(449d) Inverse Design of Nanoporous Adsorbents for Gas Separation Applications

Authors: 
Iyer, S. S., Dow Inc.
Bajaj, I., Texas A&M University
Hasan, M. M. F., Artie McFerrin Department of Chemical Engineering, Texas A&M University
Significant research efforts have been undertaken for in silico screening of nano-porous materials in applications such as methane storage, carbon capture1-2. Both theoretical insights and data-driven approaches have been used to develop structure property relationships for properties such as gas storage, selectivity, heat of adsorption3-6. Balancing multiple material property tradeoffs is important for both commercial and novel applications. Optimizing a completely algebraic formulation of a process can provide optimal material property targets. While these may not correspond directly to an existing material, possible structures can be predicted inversely by exploiting similarity7 between structures and properties of adsorbent materials.
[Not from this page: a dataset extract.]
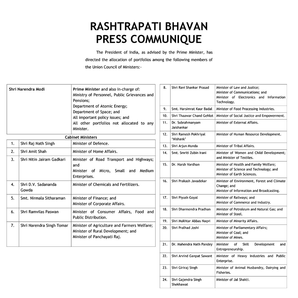 The Prime Minister Narendra Modi led Government, on the 31st of May, allocated portfolios to all the 60 Cabinet Ministers who were sworn in on the 30th of May.

In this work, the optimal adsorbent properties (e.g. adsorption isotherms, heat of adsorption etc.) are determined by optimizing a completely discretized non-linear programming modelof a pressure swing adsorption process for a desired objective such as cost or productivity subject to process constraints such as purity and recovery. The bounds on the material properties are set based on the isotherm data obtained from Grand Canonical Monte Carlo (GCMC) simulations of structures in the IZA-SC database. This approach is advantageous as all the material alternatives do not have to be individually considered. Moreover, the optimal material properties can be recalculated for changes in process and feed conditions with relative ease. For the reverse estimation of structural properties, a surrogate model based approach8 is employed. It relates the differences in structural properties such as channel diameter, pore size, accessible surface area and volume between pairs of pure silica zeolites to the difference in their adsorption properties. Based on this, the appropriate structural features corresponding to the target material properties are then obtained. The salient feature of this approach is to design materials for optimal operation of processes such as CO2 capture, methane storage.

References:

(1) Colon, Y. J.; Snurr, R. Q. High-Throughput Computational Screening of Metal-Organic Frameworks. Chem. Soc. Rev., 2014, 43 (16), 5735–5749.

(2) Lin, L.-C.; Berger, A. H.; Martin, R. L.; Kim, J.; Swisher, J. A.; Jariwala, K.; Rycroft, C. H.; Bhown, A. S.; Deem, M. W.; Haranczyk, M. and Smit, B. In silico Screening of Carbon-Capture Materials. Nat. Mater., 2012, 11 (7), 633–641.

(3) Wilmer, C. E.; Farha, O. K.; Bae, Y-S.; Hupp, J. T. and Snurr, R. Q.; Structure–property Relationships of Porous Materials for Carbon Dioxide Separation and Capture, Energy Environ. Sci., 2012, 5, 9849-9856.

(4) Garcia, E. J.; Perez-Pellitero, J.; Jallut, C. and Pirngruber, G. D. How to Optimize the Electrostatic interaction between a Solid Adsorbent and CO2. J. Phys. Chem. C, 2014, 118, 9458-9467.

(5) Bai, P.; Jeon, M. Y.; Ren, L.; Knight, C.; Deem, M. W.; Tsapatsis, M. and Siepmann, J. I. Discovery of Optimal Zeolites for Challenging Separations and Chemical Transformations using Predictive Materials Modeling. Nat. Commun., 2015, 6, 5912.

(6) Fernandez, M.; Boyd, P.G.; Daff, T. D.; Aghaji, M. Z. and Woo, T. K. Rapid and Accurate Machine Learning Recognition of High Performing Metal-Organic Frameworks for CO2 Capture. J. Phys. Chem. Lett. 2014, 5, 3056-3060.

(7) Martin, R. L.; Willems, T. F.; Lin, L.-C.; Kim, J.; Swisher, J. A.; Smit, B.; Haranczyk, M. Similarity-Driven Discovery of Zeolite Materials for Adsorption-Based Separations. ChemPhysChem, 2012, 13, 3595–3597.

(8) Bajaj, I.; Iyer, S. S. and Hasan, M. M. F. A Trust Region-based Two Phase Algorithm for Constrained Black-box and Grey-box Optimization with Infeasible Initial Point. Comput. Chem. Eng., 2017, doi: 10.1016/j.compchemeng.2017.12.011.